She managed to avoid him for the next few weeks.

She tried. He absolutely did not. 

She had stopped going to the ruins and started escaping to the library, curling up with her studies or a good book or her journal, simply spending time hidden away in the beautiful dungeon with coffee and books, and Mrs. Suki, the librarian, for company. And almost every time, he had been there in one of the armchairs with lion heads carved into them, wearing glasses and doing some work of his own. She spent time with her friends, and somehow he was somewhere in the vicinity, crossing over, walking around, or just watching from a window. She loved and hated his attention in equal measure.

Jade and Erica, both of them although very different from her, had become her friends. Jade had started hooking up with Troy again so the boys had begun to hang out with them more and more. Corvina didn’t mind, especially Troy. He was what she imagined brothers could be like – occasionally irritating, hugely protective, and mostly nice. She was more restrained around Ethan and Jax, even though they brought a nice energy to the whole group. She was still the quiet one, but she had begun to trust them enough to relax slightly around them.

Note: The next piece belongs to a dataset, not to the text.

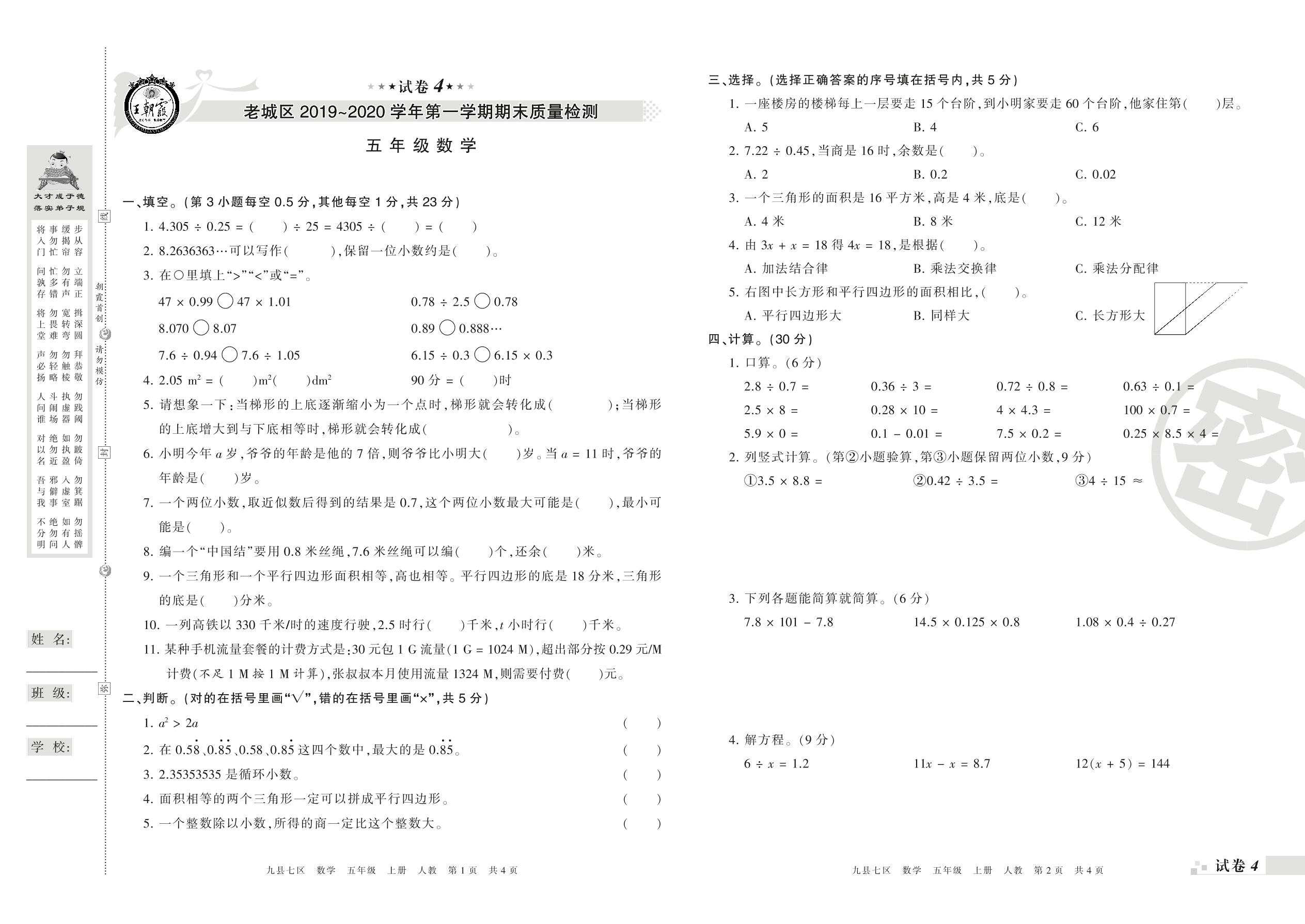 2019-2020学年第一学期洛阳市老城区五年级数学试卷(人教版)【4】
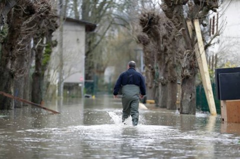 | Un homme marche dans les rues inondées de Crosne, en Essonne, le 24 janvier. |

Jax especially had become interested in her from what Erica said, but she liked that he never pushed. He respected that she wasn’t into him and didn’t make it awkward, and she liked that about him. And the silver-eyed devil noticed it all. He was the one she was very, very into and she shouldn’t have been, not after the weeks that went by, not after that disastrous look of regret on his face after their kiss. Thankfully, she was good at pretending all was usual.

She never looked at him in class and he never singled her out, even though she felt his eyes on her. She saw him in the dining room and around campus, and she walked away in the other direction, ditching her attempts to pretend she wasn’t avoiding him, even though she secretly caught a glimpse of his darkly beautiful form sometimes.

She also ignored the pang she felt at never hearing the sound of the music drifting to her from the tower again. She didn’t know if he simply stopped playing that particular piano and spent his night repairing the one in the ruins, or if he was avoiding her tower, but she missed the music.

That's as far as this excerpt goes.